In a paper published recently, Eric Sebzda, Ph.D., assistant professor of Pathology, Microbiology and Immunology, graduate student and first author Whitney Rabacal and colleagues describe their discovery in mice of a tolerance mechanism that restrains the activity of natural killer (NK) cells, and a potential way to overcome it.
NK cells are a type of white blood cell that specifically recognize and destroy tumor cells. NK cell-mediated tumor therapy — essentially, injections of NK cells — is a cutting-edge technique currently used clinically. It can sweep the blood clean of cancer cells in leukemia patients; however, the remission is often short-lived.

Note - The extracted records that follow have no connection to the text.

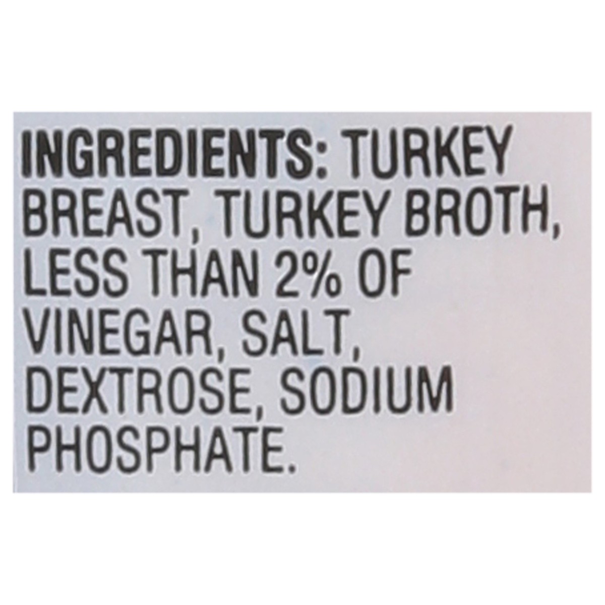Turkey Breast Meat, Turkey Broth, Contains 2% or Less Salt, Vinegar, Sugar, Sodium Phosphate, Natural Smoke Flavoring, Sodium Erythorbate, Sodium Nitrite.
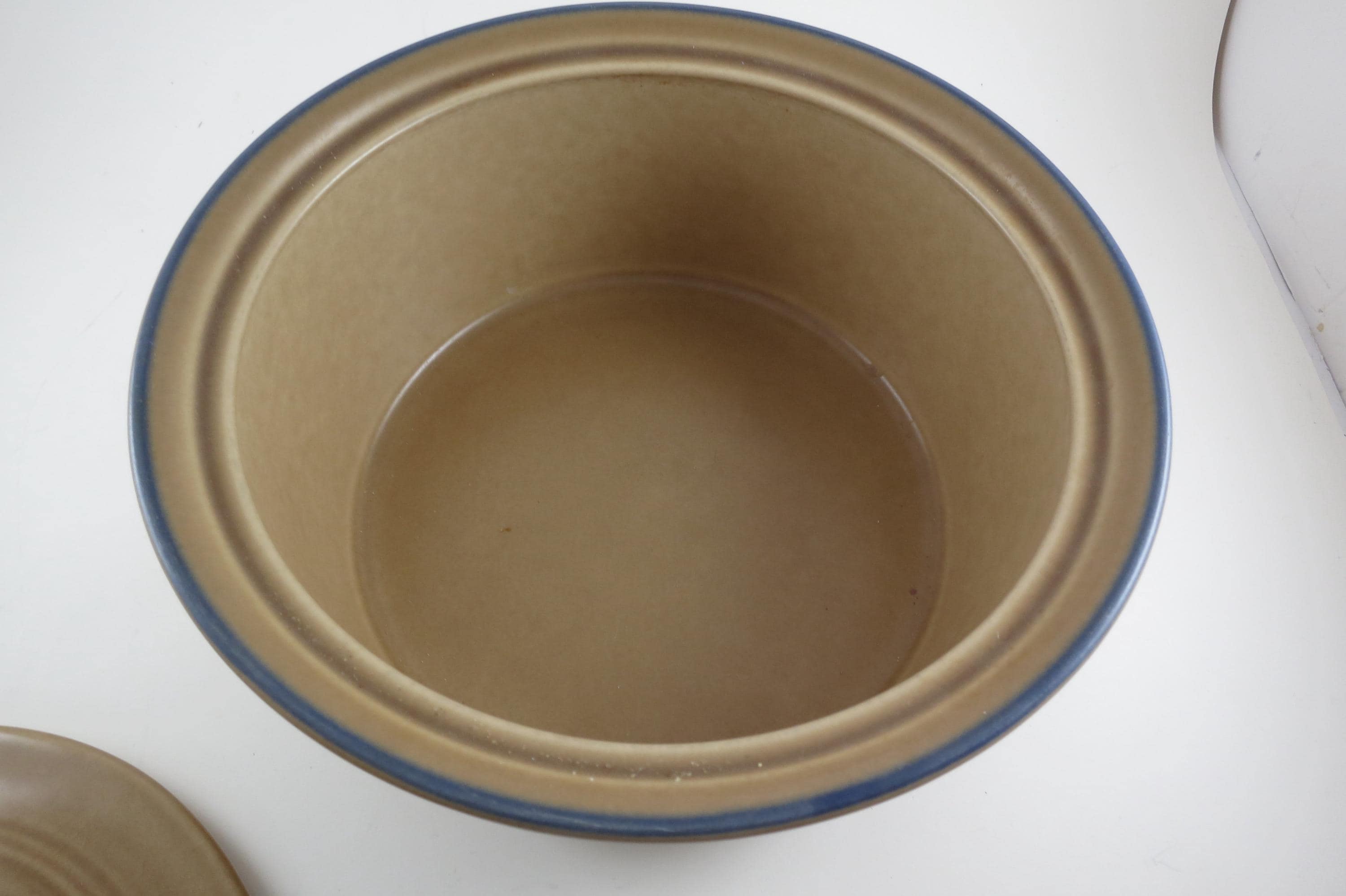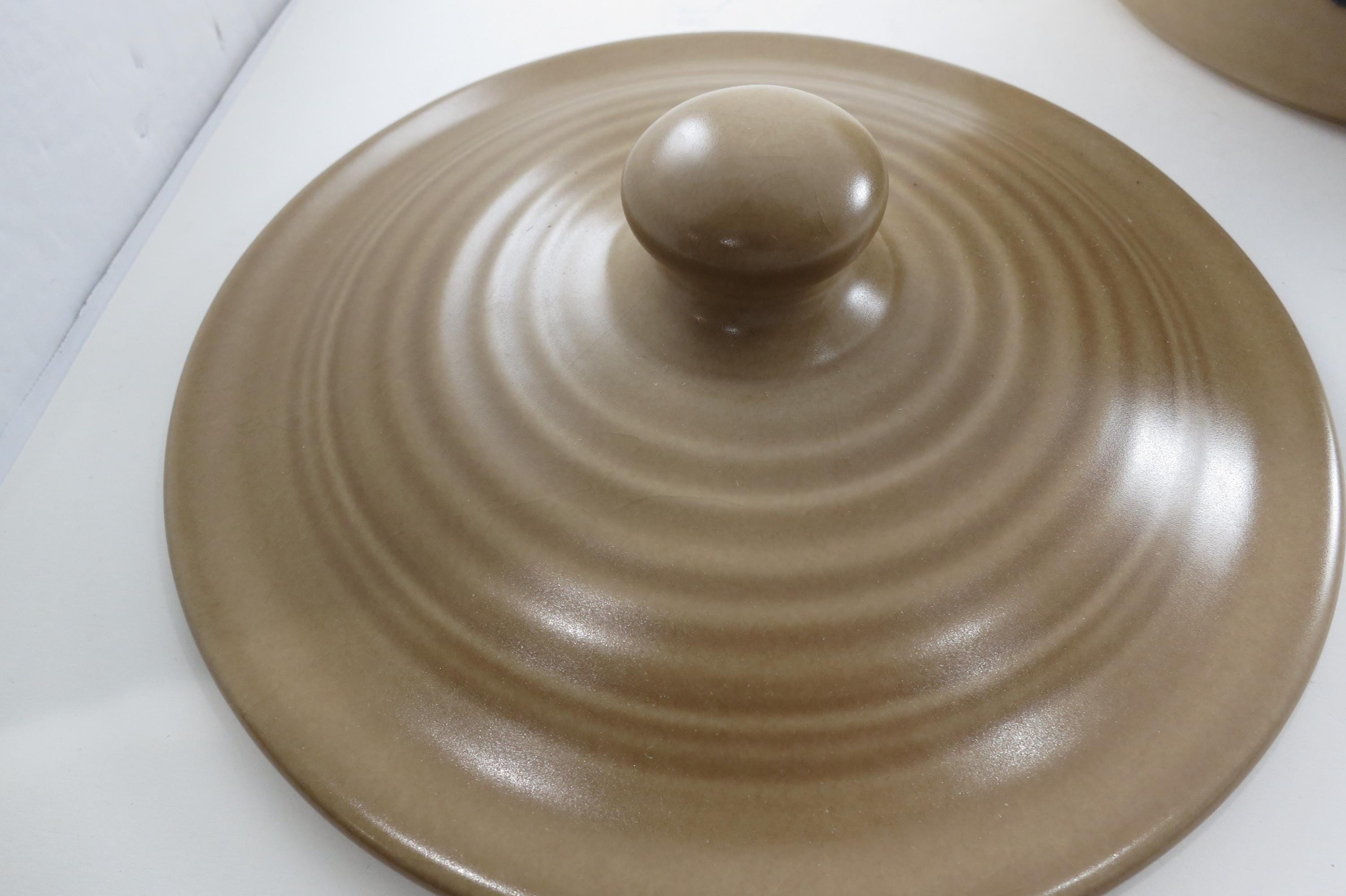 Like New condition with no chips, cracks or damages. The lid does show some crazing. Measures 9 inches diameter.
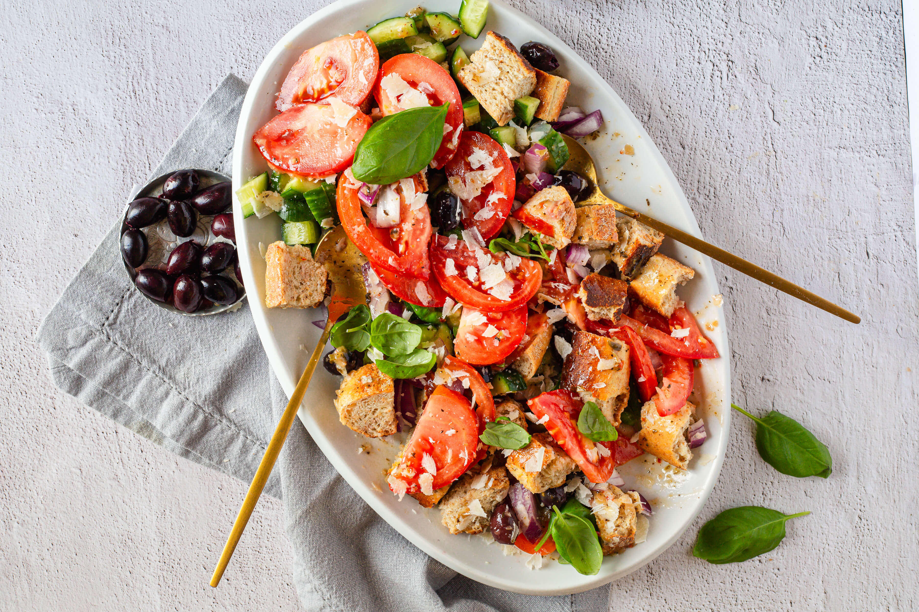 A colorful salad combining chunks of day-old bread, fresh tomatoes, cucumbers, onions, Kalamata olives and freshly-grated Parmesan cheese, tossed with Organicville® Italian Vinaigrette & Marinade. The bread soaks up the flavors of the vegetables and the creamy dressing in this simple yet satisfying Italian-inspired dish.

In the paper, published in the May 10, 2016 issue of the Proceedings of the National Academy of Sciences, they report that a transcription factor, Kruppel-like factor 2 (KFL2) is critical for NK cell expansion and survival.
KLF2 both limits immature NK cell proliferation and instructs mature NK cells to home to niches rich in interleukin 15 (IL-15), which is necessary for their continued survival.
“This is the same process likely used by cancer cells to avoid destruction by NK cells,” Sebzda said. In particular, tumors may avoid immune clearance by promoting KLF2 destruction within the NK cell population, thereby starving these cells of IL-15.
Increased expression of IL-15 can improve immune responses against tumors. Unfortunately, it’s not easy to introduce the cytokine only within a tumor microenvironment, and high, systemic levels of IL-15 can be toxic.
Recruitment of cells to the tumor microenvironment that “transpresent” IL-15 may overcome this barrier and thus may improve NK cell-mediated cancer therapy, although the methodology hasn’t been worked out yet. “Our paper should encourage this line of inquiry,” Sebzda said.